Integration with Browser DevTools

Leveraging the Stack Trace

By default, $inspect updates include a stack trace. Click on the trace in your browser’s console to jump directly to the code that triggered the change.

Using the debugger Statement

Pause execution exactly when state changes:

<script>
	let criticalValue = $state('normal')

	$inspect(criticalValue).with((type, value) => {
		if (value === 'error') {
			debugger // Execution pauses here
		}
	})
</script>

When paused, you can:

  • Examine the call stack
  • Inspect local and global variables
  • Step through code line by line
  • Set watch expressions

Console Filtering

Use console groups and labels to filter $inspect output:

<script>
	let auth = $state({ user: null, token: null })
	let ui = $state({ theme: 'dark', sidebar: true })

	$inspect(auth).with((type, auth) => {
		console.groupCollapsed('[Auth]', type)
		console.log(auth)
		console.groupEnd()
	})

	$inspect(ui).with((type, ui) => {
		console.groupCollapsed('[UI]', type)
		console.log(ui)
		console.groupEnd()
	})
</script>

Now you can collapse/expand different categories in the console.


Quick Reference

Basic Inspect

// Single value
$inspect(count)

// Multiple values
$inspect(count, name, items)

// Object for labeled output
$inspect({ count, name, items })

Custom Callback

$inspect(value).with((type, value) => {
	// type is 'init' or 'update'
	// value is the current value

	console.log(type, value)
	// or: debugger
	// or: console.trace()
	// or: custom logic
})

Function Tracing

$effect(() => {
	$inspect.trace() // No label
	// ... effect code
})

$effect(() => {
	$inspect.trace('My Effect Label') // With label
	// ... effect code
})

let value = $derived.by(() => {
	$inspect.trace('Derived Calculation')
	return computeValue()
})

Common Patterns

// Trigger debugger on specific condition
$inspect(value).with((type, v) => {
	if (v === problematicValue) debugger
})

// Count updates
let updates = 0
$inspect(value).with((type) => {
	if (type === 'update') console.log(`Update #${++updates}`)
})

// Log with timestamp
$inspect(value).with((type, v) => {
	console.log(`[${new Date().toISOString()}]`, type, v)
})

// Grouped logging
$inspect(value).with((type, v) => {
	console.group(`State ${type}`)
	console.log(v)
	console.trace()
	console.groupEnd()
})

Key Takeaways

The $inspect rune transforms debugging from guesswork into precision:

  1. $inspect(values) watches reactive state — Automatically logs whenever any tracked value changes, with deep reactivity support.

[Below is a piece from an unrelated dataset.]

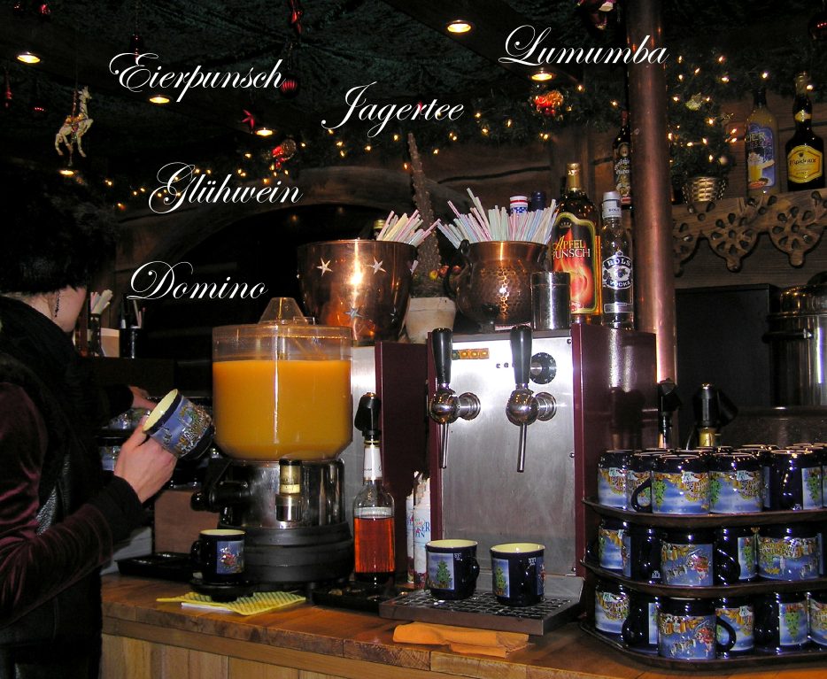 Las bebidas típicas de los mercados de Navidad en Alemania casi todas son mezclas de licores con frutas, hierbas o especias y se sirven calientes, claro, para contrarestar el frío de la temporada. Hay de todos los tipos y se toman normales o “mit Schuß“, “con piquete”, que es un poco de ron, brandy, amaretto o cualquier otro licor.

  2. .with() customizes the callback — Replace the default console.log with any logic: debugger statements, conditional logging, or custom formatting.

  3. $inspect.trace() traces dependencies — See exactly which reactive values caused an effect or derived to re-run.

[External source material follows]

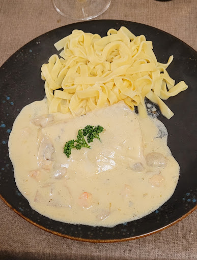 Idem pour les plats qui Ă©taient vraiment bons ( Dos d'Ă©glefin sauce Ă la dieppoise en photo, poisson parfaitement cuit), la cuisson du magret de canard qu'une autre personne de notre table a prise Ă©tait nikel đ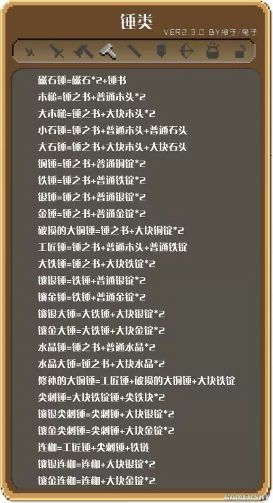 锤类武器合成表

  4. Zero production overhead$inspect is completely removed from production builds.

Remove `$inspect` Before Merging to Main

Remove $inspect calls before committing to main. The compiler strips them from production builds, so there is no runtime overhead — but leaving them in source means sensitive values are logged during development and staging, which is a data exposure risk.

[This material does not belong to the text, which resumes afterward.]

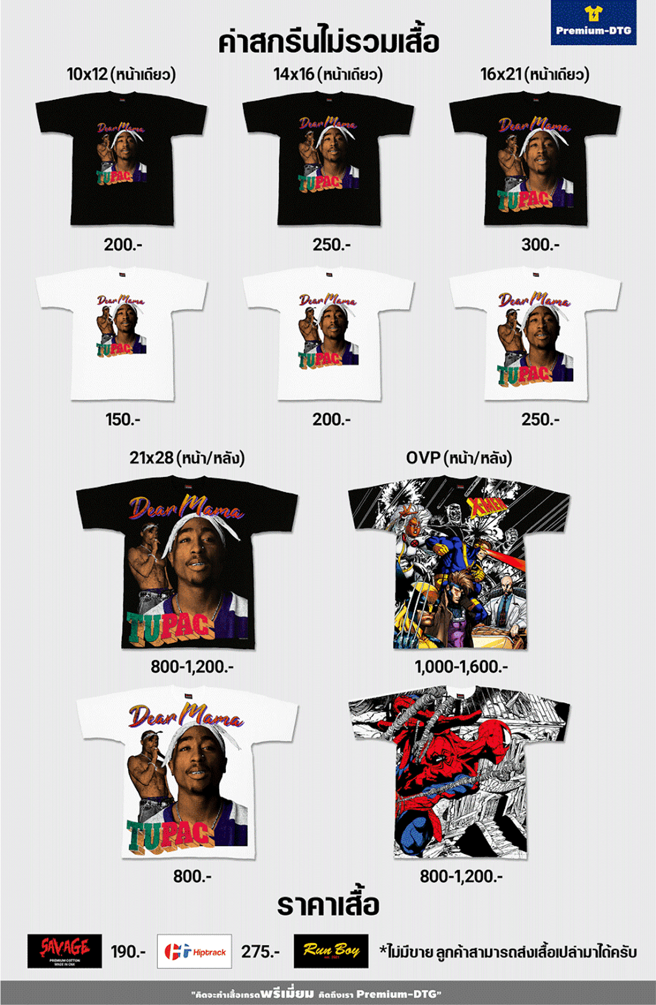 DTG และ DTF ครับ และเราใช้เครื่องพิมพ์คุณภาพสูงในการสกรีนงานให้ลูกค้า

  1. Deep tracking catches everything — Nested object and array mutations are automatically detected.

  2. Stack traces pinpoint sources — Click through to the exact line that triggered the state change.

With these tools, you’ll spend less time hunting for bugs and more time building features. The reactive debugging experience in Svelte 5 is genuinely delightful once you master it.